Taxi Driver

Taxi Driver Summary and Analysis of Part 1: Meet Travis Bickle

Summary

The film opens with suspenseful music and a giant cloud of white smoke, from which emerges a yellow taxi cab in New York City, as the title and credits appear. We then see the eponymous taxi driver Travis Bickle’s eyes in a tight-framed close-up, his gaze shifting here and there as colored traffic lights play off his face and a smooth saxophone riff plays. The audience is transported to the gritty New York City of the 1970s, as rain water spills down the windshield of Travis’s car at night, the lights of nearby cars shot in a blur, to give the shots an almost dreamlike quality. People walk across the street in red light, and the gaze of the camera is distinctly removed from the action around it. Thus, we know we are aligned with and privy to Travis’s perspective, as he drives around, observing the city from a distance. We continue to see Travis’s expressive eyes in close up.

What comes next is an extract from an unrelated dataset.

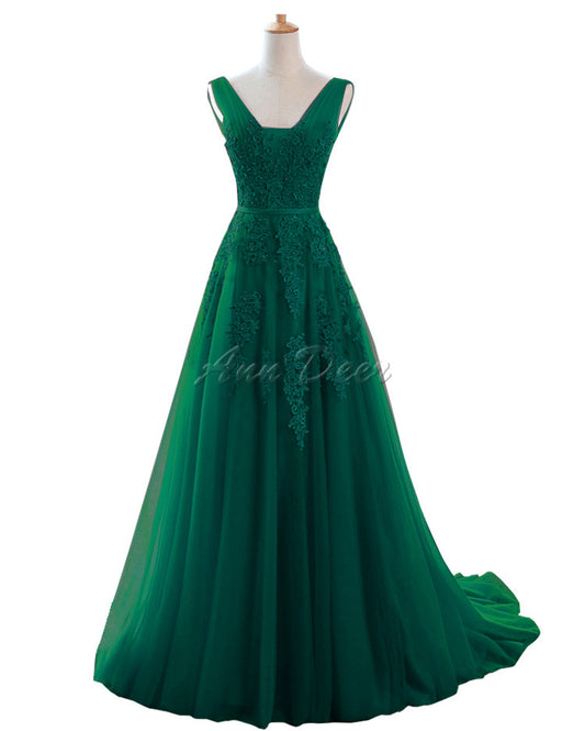 ANN DEER 2016 Hot Sale Sexy A-Line V-Neck Backless Tulle Long Evening Dress

We see Travis enter the taxi depot. A harried man at the front desk yells at another worker in the back room, and Travis tells the man that he is suffering from insomnia. While the man tells him that there is a pornographic movie that might help his insomnia, Travis insists that he tried that, and when asked what he does, tells the man that he rides around on the subways or buses, and that since he does that he feels like “he might as well get paid.” When the man asks him if he’ll take a shift uptown and in Harlem, he responds, “Anytime, anywhere,” and when the man asks if he will work on Jewish holidays, he repeats, “Anytime, anywhere,” a slight smirk spreading across his face. The man agrees, and asks him about his driving record. Grinning, Travis assures him that it’s clean, like his conscience, but the man at the desk chastises him for having an attitude, for which Travis apologizes, but with a mischievous smile still on his face. He answers the personnel officer’s remaining questions, and the viewer learns that Travis Bickle is 26 years old, has a limited education (which prompts the man at the desk to pause judgmentally), and was honorably discharged from the marines during the Vietnam war. The personnel officer tells Travis that he too was in the marines, and asks him why he wants to drive taxis, if he is “moonlighting” in order to make more money. Travis responds that he just wants to work long hours, and asks what “moonlighting” means, before the officer gives him forms to be returned the following day. Travis leaves, as we see a man communicating with taxi drivers crankily over a walkie talkie in the corner of the office.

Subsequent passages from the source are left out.